The Dodd-Frank Act brings to the swaps markets the same basic regulatory goals of transparency and risk reduction that have governed the regulation of the futures and securities markets since the 1930s. The measures provided in the Act to lower risk and improve transparency are intended to improve the ability of American businesses to use these markets and derivatives to reduce their risks and costs.

Rulemakings

The Dodd-Frank Act generally requires the CFTC to issue rules that are required to implement the provisions of the Act within 360 days from the date of enactment. Under Dodd-Frank, the effective date of any such rule shall be at least 60 days after publication of the final rule implementing such provision.
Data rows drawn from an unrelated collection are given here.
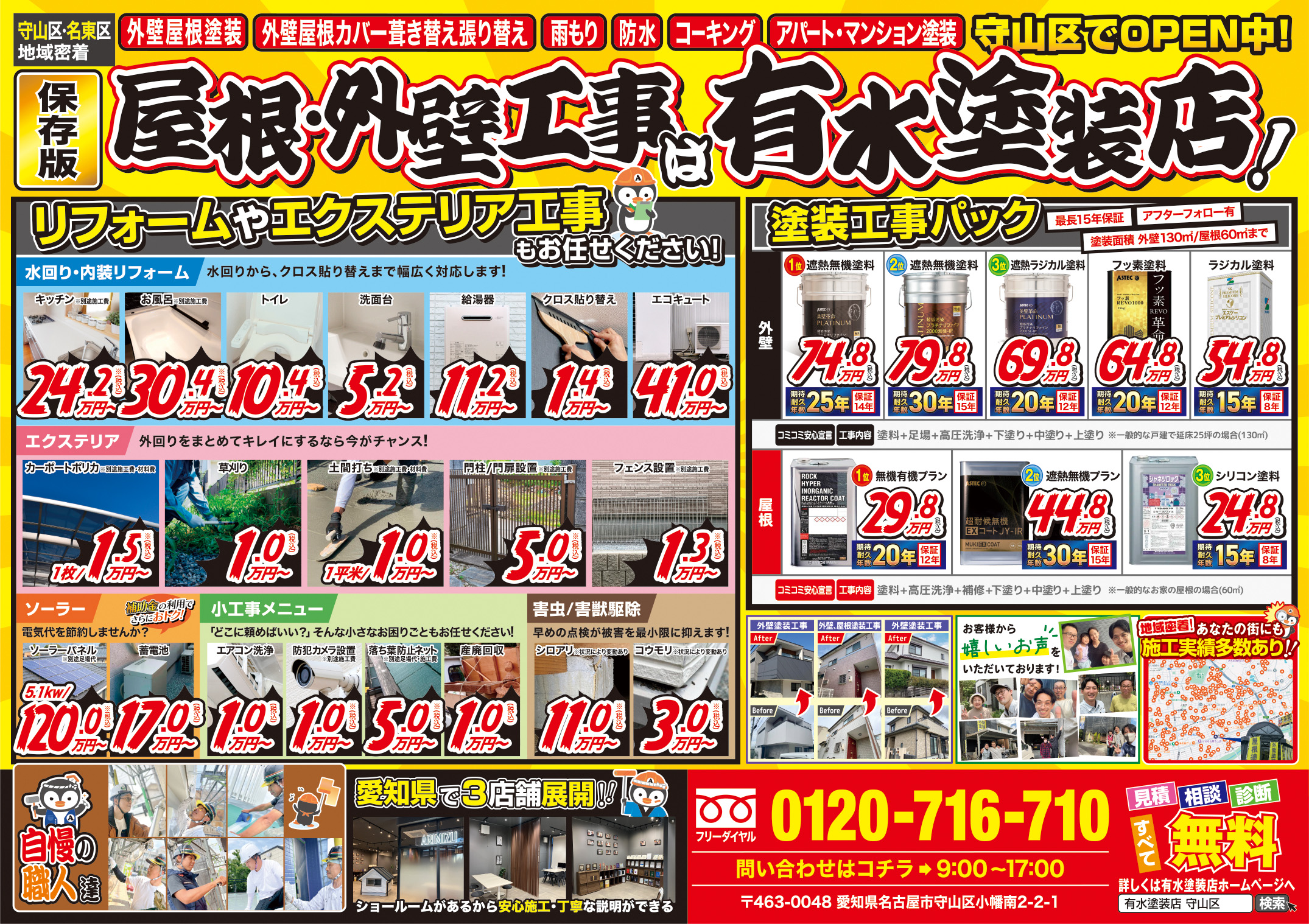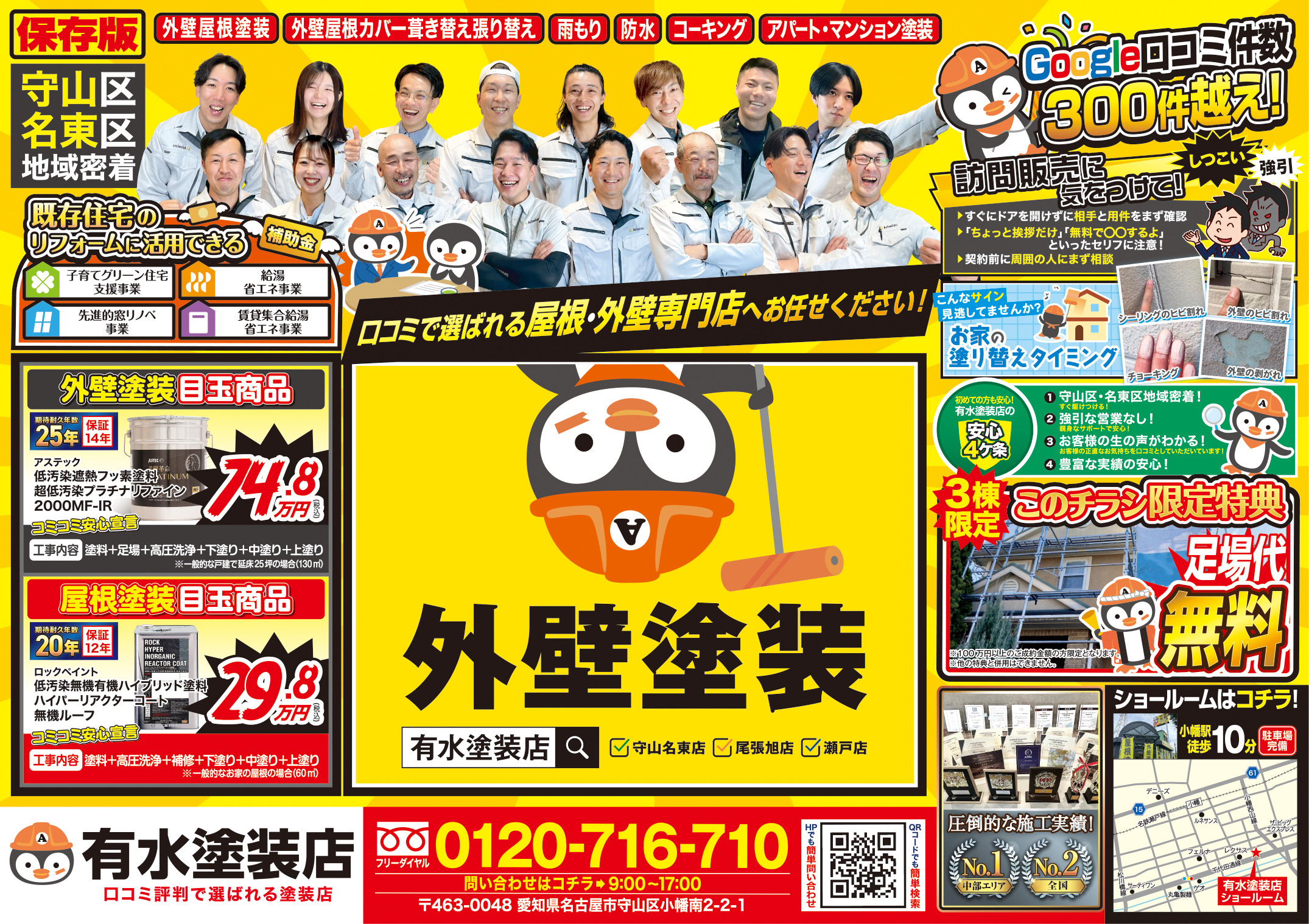 名古屋市守山区・名古屋市名東区を中心に、品質保証の外壁塗装・屋根塗装・雨漏り工事をご提供しております!!
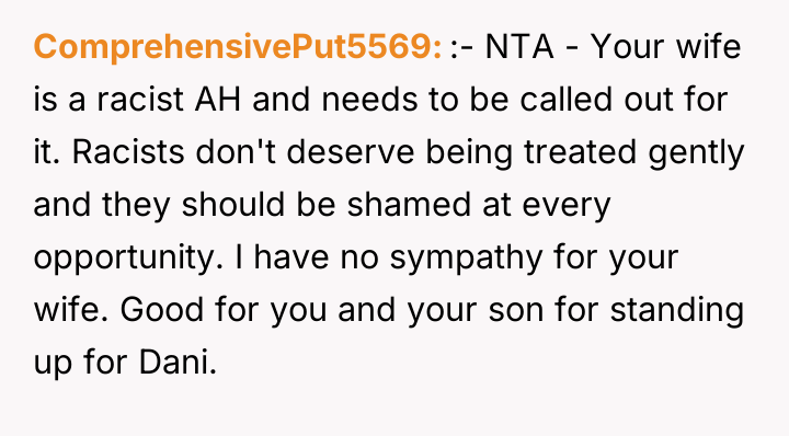 The fundamental question remains whether the OP crossed a line by responding to his wife's alleged racism with equally harsh personal attacks, or if such a strong reaction was necessary to defend Dani and establish a boundary. Readers must weigh the justification for confronting prejudice against the impact of the delivery on a 30-year marriage.
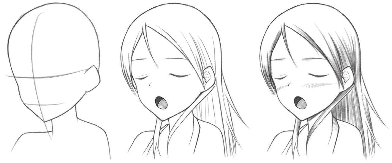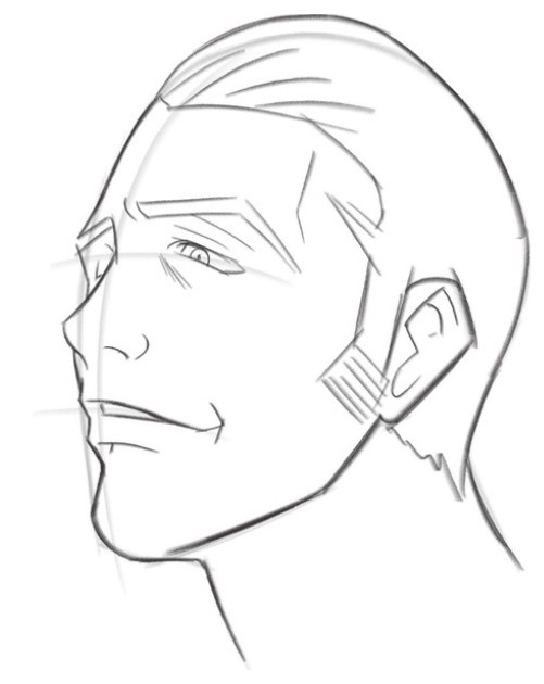 2 刻画出人物发型和五官样式,注意五官透视变化要正确。
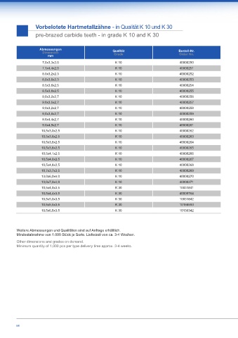 pre-brazed carbide teeth - in grade K 10 and K 30
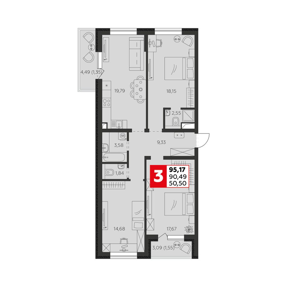 4+ комнатная — 90,49 м² 2/9 эт. в К24
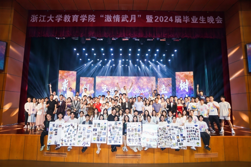 2024年6月14日晚,浙江大学教育学院“激情武月”暨2024届毕业晚会在紫金港校区小剧场顺利举行。浙江大学教育学院院长阚阅老师,教育学院党委书记叶晓萍老师,校友林家俊、陈建萍伉俪,校友韩秋女士,校友孙佳风学长以及教育学院教育硕士实践导师,浙江大学附属实验学校、杭州市公益中学校长潘志平老师等出席晚会,出席晚会的还有教育学院副院长孙元涛老师,教育学院副院长兼体育学系系主任胡亮老师,教育学院党委副书记、纪委书记崔倩老师以及2024届毕业生和其他师生代表。
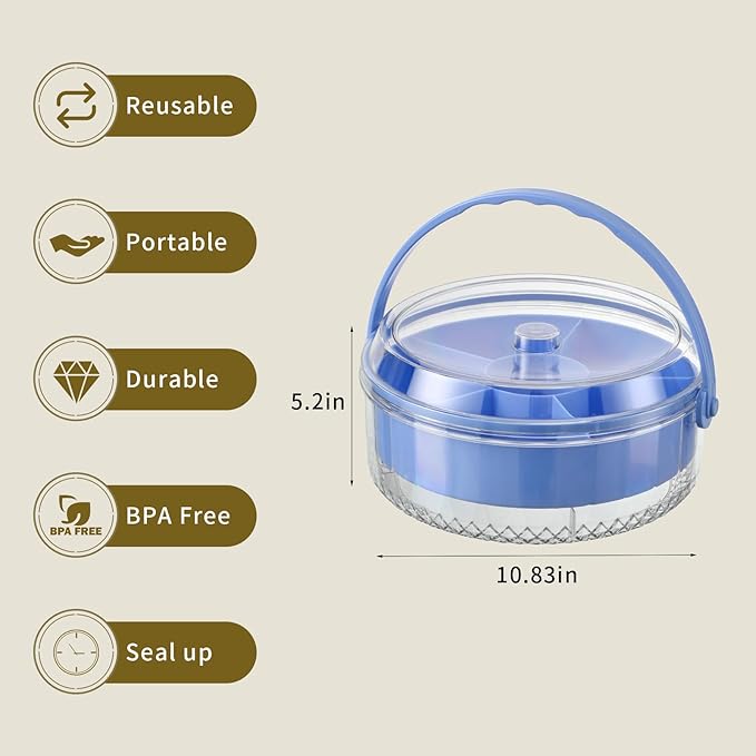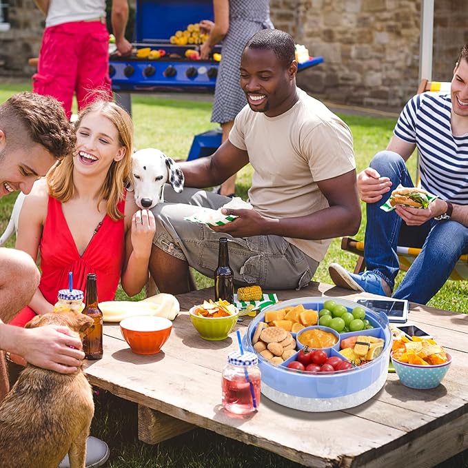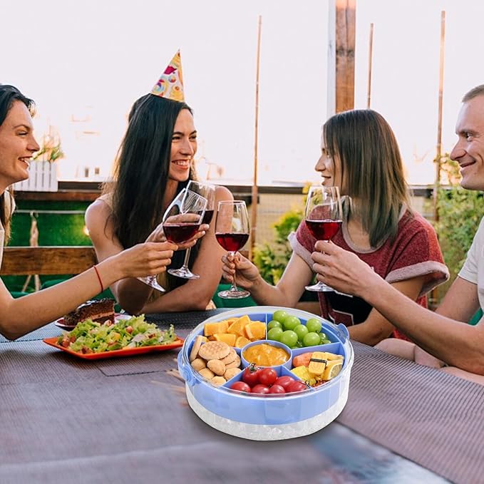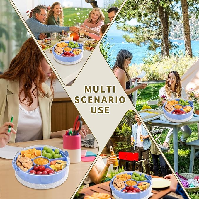 Divided Chilled Serving Tray for Parties,Ice Chilled Party Platter,Ice Serving Bowl with Lid and Handle,Charcuterie Serving Board,Cold Dish Dip for Fruit Seafood Vegetable Shrimp Cocktail Appetizer...

The CFTC is working deliberatively and efficiently to issue these rules. The rulemaking process is guided by two basic principles. First, the CFTC is working to ensure that its rules implement the substantive requirements of the statute and follow the intent of Congress. Second, the CFTC is relying extensively on consultation with other regulators, both domestic and international, and the participation of market participants and other interested members of the public. The Commission’s rulemakings are conducted in compliance with the Administrative Procedure Act and other applicable laws.

Rulemaking Teams

As the Congress was finalizing the Dodd-Frank Act, the CFTC formed 30 rulemaking teams to begin to implement the Act’s rulemaking requirements. Each team consists of a team leader from one of the CFTC divisions, as well as staff from the other CFTC divisions. Chairman Gensler held the first meeting with the 30 team leads the day before the President signed the Act into law.

A number of months ago the CFTC created a 31st rulemaking team tasked with developing conforming rules to update the CFTC’s existing regulations to take into account the provisions of the Dodd-Frank Act. The CFTC has thus far proposed rulemakings or interpretive orders in 28 of the 31 areas.

Public Participation

The CFTC is committed to a transparent and open rulemaking process. The Commission has encouraged public participation throughout this process. The CFTC’s rulemakings to implement the Dodd-Frank Act have included the following opportunities for public participation:

Public participation during rulemakings. Immediately after the Dodd-Frank Act was passed, the CFTC solicited comments from the public regarding the rules required to be proposed under the Act. These pre-proposal initiatives included staff roundtables, meetings with market participants, several advance notices of proposed rulemakings, and the establishment of public comment mailboxes and files on the CFTC website. As of this past Monday, we had received 2,907 submissions from the public through these email inboxes. The Commission also encourages the public to submit comments once rules are proposed, and provides a number of ways for comments to be submitted. As of Monday, we had received 8,991 comments in response to notices of proposed rulemaking.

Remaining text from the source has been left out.